= INSTRUCTIONS TO FOLLOW =
The expected answer is the full listing, repeated exactly and free of images.

= COLLECTED DATA =
▬▬▬▬▬▬▬▬▬▬

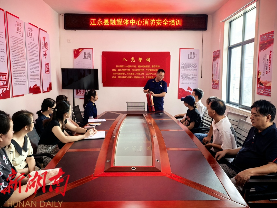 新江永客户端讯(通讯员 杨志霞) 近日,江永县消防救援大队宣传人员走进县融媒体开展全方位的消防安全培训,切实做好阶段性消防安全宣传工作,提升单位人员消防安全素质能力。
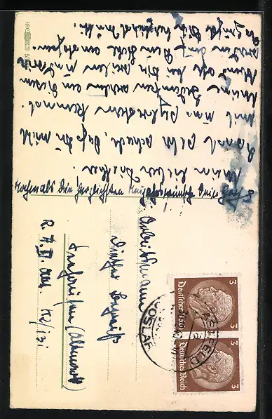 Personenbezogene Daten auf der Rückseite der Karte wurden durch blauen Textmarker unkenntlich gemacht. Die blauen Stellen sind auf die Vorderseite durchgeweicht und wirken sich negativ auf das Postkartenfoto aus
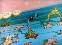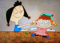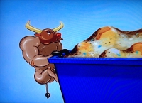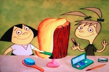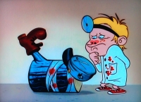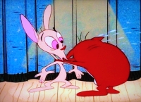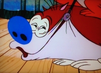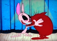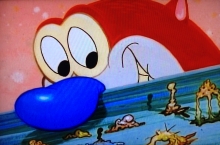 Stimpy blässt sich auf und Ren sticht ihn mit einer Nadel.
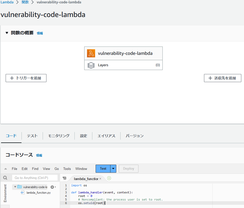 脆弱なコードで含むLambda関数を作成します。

▬▬▬▬▬▬▬▬▬▬

= EXERCISE SOLUTION =
 新江永客户端讯(通讯员 杨志霞) 近日,江永县消防救援大队宣传人员走进县融媒体开展全方位的消防安全培训,切实做好阶段性消防安全宣传工作,提升单位人员消防安全素质能力。
 Personenbezogene Daten auf der Rückseite der Karte wurden durch blauen Textmarker unkenntlich gemacht. Die blauen Stellen sind auf die Vorderseite durchgeweicht und wirken sich negativ auf das Postkartenfoto aus
 Stimpy blässt sich auf und Ren sticht ihn mit einer Nadel.
 脆弱なコードで含むLambda関数を作成します。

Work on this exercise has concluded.